Translating to beat the heat
Zhang et al. investigate protein translation under heat stresss http://www.plantcell.org/content/29/8/1952
By Elizabeth Vierling
Plants can’t move to avoid unfavorable growth conditions, such as insufficient water availability or extremes of temperature. When plants are confronted with stressful environmental conditions, you may not see any changes, but plants are busily responding, often by synthesizing new proteins to help them survive. Proteins are major workhorses in all cells. Proteins help capture light for photosynthesis or act as enzymes to produce the sugars in fruits or the components of wood. In unfavorable environments, whole new sets of proteins can be made that provide plants with the ability to counteract the stress. We can observe this important response to the environment biochemically, measuring changes in the plant’s synthesis of new proteins, a process known as translation. Translation occurs in cells on specialized structures called ribosomes and requires many accessory proteins called translation factors.
Zhang et al. were interested in better understanding how plants produce the proteins they need to survive extreme high temperature. They worked with a specific mutant (a plant carrying a defective gene) of the model plant Arabidopsis thaliana that did not survive high temperature.

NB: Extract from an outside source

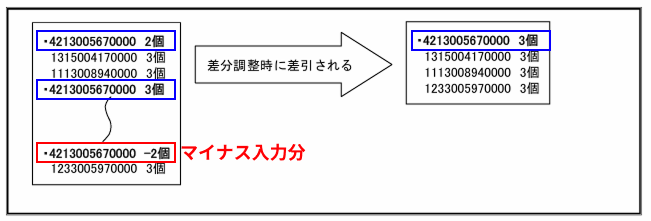 数量にカーソルがあたっている時に「F3」を押すと、マイナスの数量として登録でき、後述の差分調整で差引いて調整されます。

The defective gene responsible for the plant’s inability to survive turned out to encode a translation factor called eIF5B. Analysis of the eIF5B mutant plants demonstrated that synthesis of new proteins must occur immediately after exposure to a high temperature stress. If delayed even a few hours, plant survival is compromised. In addition, active eIF5B is required for plants under optimal conditions, reflecting the importance of protein translation for normal plant growth and development. Finally, results suggested eIF5B may be required for translation of specific proteins, rather than working the same in production of all proteins.
These data underscore the significance of controlling translation to produce new proteins during stress conditions in plants. They also provide the first information about how the translation factor eIF5B acts in plants, and suggest new questions about eIF5B function. Understanding how translation is regulated to counteract temperature and other environmental stresses may allow development of more stress-resistant plant varieties.
Zhang, L., Liu, X., Gaikwad, K., Kou, X., Wang, F., Tian, X., Xin, M., Ni, Z., Sun, Q., Peng, H., and Vierling, E. (2017) Mutations in eIF5B Confer Thermosensitive and Pleiotropic Phenotypes via Translation Defects in Arabidopsis thaliana. Plant Cell 29: 1952-1969.